Virtually everyone has bad driving lessons, I remember a particularly hated spot where I would often get into difficulty, it was a hill start at a crossroad junction where you had to give way at a stop sign and even though I'd coped okay with worse junctions this particular junction seemed cursed and I'd always get very anxious when approaching it. I would usually panic and stall the vehicle there, embarrassing myself with loads of annoyed drivers behind who I'd also fear rolling back into lol! After going to this spot and failing miserably it would sometimes effect me for the rest of the lesson as I'd constantly keep mulling over it making further mistakes.
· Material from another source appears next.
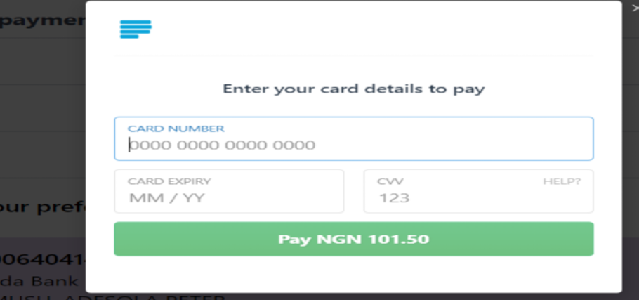 Step 6:Fill in your card details, you will be debited the sum of ₦100 to test

I overcome it eventually, but even after I'd passed my test and was driving for years I still didn't like the junction.

I remember once when I was driving not long after I'd passed my test when a learner driver kept stalling the vehicle at a set of traffic lights and when the lights turned back to red without anyone getting through a driver behind started getting angry, repeatedly banging his horn and shouting even though he could see it was clearly a learner driver in a very well marked driving school vehicle just in front of him. This is obviously not only inconsiderate, but also against the law and you have to be especially patient of learner drivers. His inappropriate behaviour seemed to make the learner worse and she was there struggling for quite a while. The funny part of the story however is unbeknown to the impatient man a couple of cars back just behind me in the queue was a police car with 2 officers who witnessed the whole thing, one officer got out of the vehicle and showed up at his car window while he was still kicking off, this suddenly shut him up and the officer demanded that he pulled over at the other side of the lights in a safe place when he was almost certainly booked lol! Obviously the officer had no issue with the learner driver who did finally pull away successfully shortly after the officer had intervened. Every driver has to learn and most qualified drivers have also been in embarrassing situations when they were learning. It's nice sometimes to see people get their just deserves, shame it doesn't happen a lot more often.